Here's the result, note the chunky lighting as it now matches the resolution of the assets.
So, about calculating resolution and scale... I have a simple formula. Given a screens height and a target height we can work out the scale, and then the source resolution (our small one that we'll then scale up).
To work with the example I gave above, 1280x720... I have designed the UI around 320x240. To get our scale we take the height of the screen, 720 and divide it by 240, which neatly divides by 3, otherwise we would round down. Another example, 1920x1080, 1080 / 240 = 4.5, which we round down to 4.
That gives us our scale, which we can then use to workout the source resolution. 1280x720 @ 3x scale = 427x240. 1280x1024 @ 4x scale = 480x270.
Once we have our scales and target resolutions, we can set the rendering camera to use that orthographic height, recreate our rendertexture with the new size, set our UI image to the new size and then scale it up.
I think the main advantage of this approach is that there are never any cropping, we're always rendering at the same aspect ratio as our screen. And using the UI we don't have to mess around with planes and matching their scale to camera size and vice-versa. As long as we set our UI image to the same size as our render texture we can scale it up and down to fit the screen.
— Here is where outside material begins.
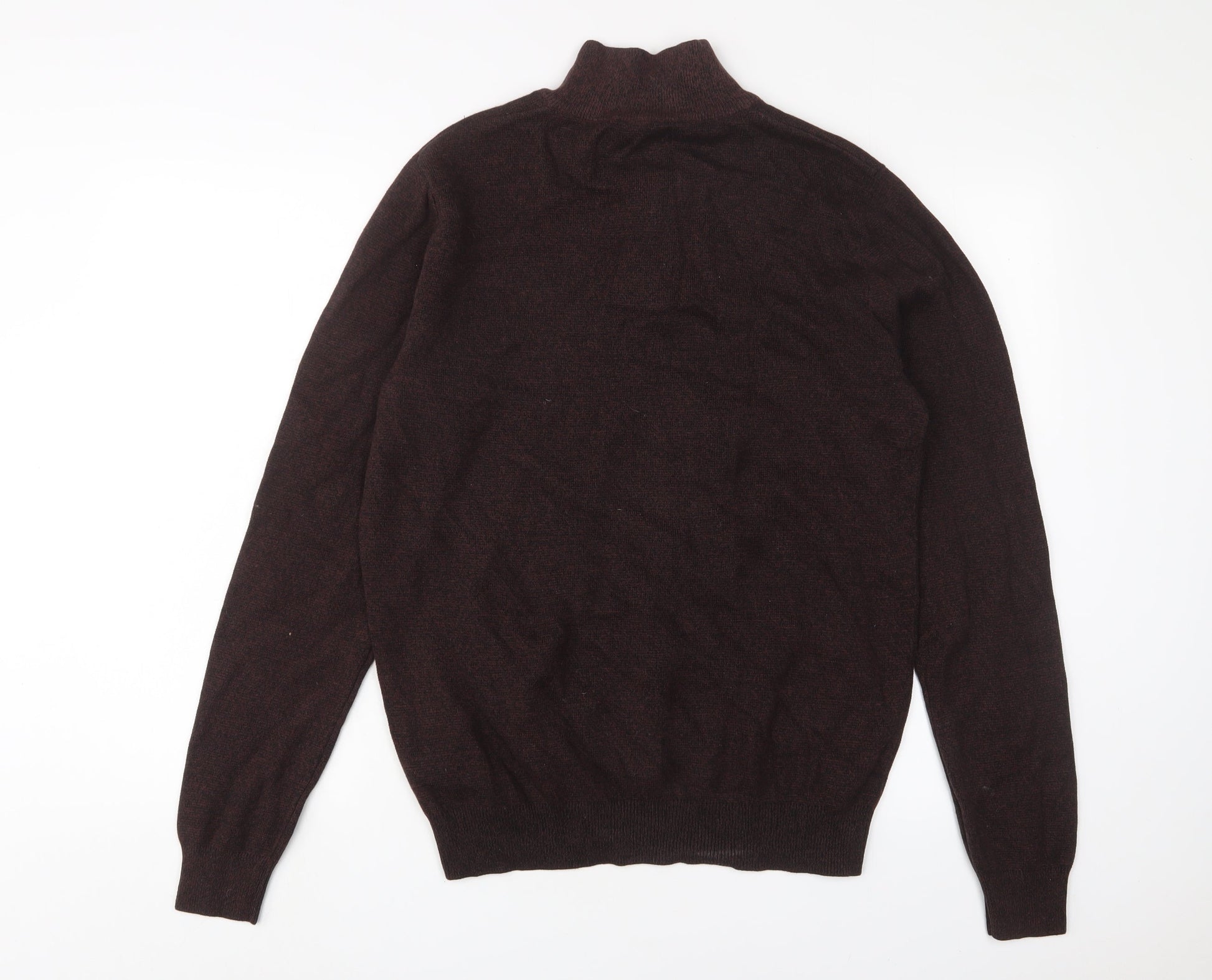 NEXT Mens Brown High Neck Cotton Pullover Jumper Size M Long Sleeve - Embroidered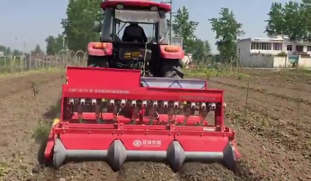 機(jī)具組裝好后,用戶開著拖拉機(jī),帶著種子,開始到田間耕種。

That's probably not the greatest explanation of all that, so let me know if you have any questions!
Oh, and this morning I already moved some of the in world UI to the gui layer. This means that it wont get smooshed into any fullscreen effects such as bloom or the battle transition. I think the only thing affected by this is the portals that link maps. I just had to recreate the direction arrow sprite as a UI element and then update it's screen position to track the in world position. They get placed as world objects so I can easily position them within the collider. You can see how the arrow is placed in world on the left. At runtime the renderer component gets switched off so only the UI version is displayed:
This week will mostly involve finishing up adding placeholder sound, a whole bunch of playtesting/qa and fixing all the stuff that comes out of that.
Wow, big update this week! Ok, think that's it!